3. Number of Reserved Shares. Subject to adjustment pursuant to Section 16 hereof, 25,000,000 (twenty-five million) Shares may be sold to Participants pursuant to the Global ESPP. Such Shares may be authorized but unissued Shares, treasury Shares or Shares purchased in the open market. For avoidance of doubt, up to the maximum number of Shares reserved under this Section 3 may be used to satisfy purchases of Shares under Section 423 Offerings and any remaining portion of such maximum number of Shares may be used to satisfy purchases of Shares under Non-Section 423 Offerings.
4. Administration of the Global ESPP.
(a) General. The Global ESPP will be administered by the Committee. Notwithstanding anything in the Global ESPP to the contrary, subject to Applicable Law, any authority or responsibility that, under the terms of the Global ESPP, may be exercised by the Committee may alternatively be exercised by the Board. Subject to Applicable Law, no member of the Board or Committee (or its delegates) will be liable for any good faith action or determination made in connection with the operation, administration or interpretation of the Global ESPP. In the performance of its responsibilities with respect to the Global ESPP, the Committee will be entitled to rely upon, and no member of the Committee will be liable for any action taken or not taken in reliance upon, information and/or advice furnished by the Company’s officers or employees, the Company’s accountants, the Company’s counsel and any other party that the Committee deems necessary.

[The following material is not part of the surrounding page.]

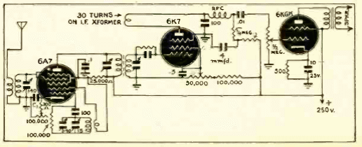Encontrado en una publicación de 1943, este receptor sintoniza bandas que dependen de la bobina de la antena y la bobina del oscilador. El circuito no incluye la fuente de alimentación y tiene suficiente salida para alimentar un altavoz pequeño.
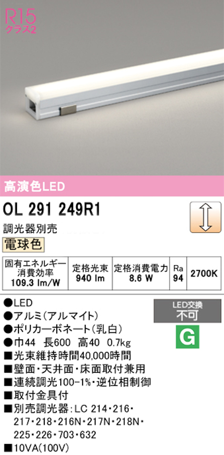 オーデリック OL291249R1 LED間接照明 シームレスタイプ スタンダードタイプL600 非調光 電球色

(b) Powers of the Committee. The Committee shall have full power and authority to operate and administer the Global ESPP, including, without limitation, the authority to (i) construe, interpret, reconcile any inconsistency in, correct any default in and supply any omission in, and apply the terms of the Global ESPP and any enrollment form or other instrument or agreement relating to the Global ESPP, (ii) determine eligibility and adjudicate all disputed claims filed under the Global ESPP, including whether Eligible Employees will participate in a Section 423 Offering or a Non-Section 423 Offering and which Subsidiaries and Affiliates of the Company (or Parent, if applicable) will be Participating Companies participating in either a Section 423 Offering or a Non-Section 423 Offering, (iii) determine the terms and conditions of any right to purchase Shares under the Global ESPP, (iv) establish, amend, suspend or waive such rules and regulations and appoint such agents as it deems appropriate for the proper administration of the Global ESPP, (v) amend an outstanding right to purchase Shares, including any amendments to a right that may be necessary for purposes of effecting a transaction contemplated under Section 16 hereof (including, but not limited to, an amendment to the class or type of stock that may be issued pursuant to the exercise of a right or the Purchase Price applicable to a right), provided that the amended right otherwise conforms to the terms of the Global ESPP, and (vi) make any other determination and take any other action that the Committee deems necessary or desirable for the administration of the Global ESPP including, without limitation, the adoption of such any rules, procedures, agreements, appendices, or sub-plans (collectively, “Sub-Plans”) as are necessary or appropriate to permit the participation in the Global ESPP by employees who are foreign nationals or employed outside the United States, as further set forth in Section 4(c) below.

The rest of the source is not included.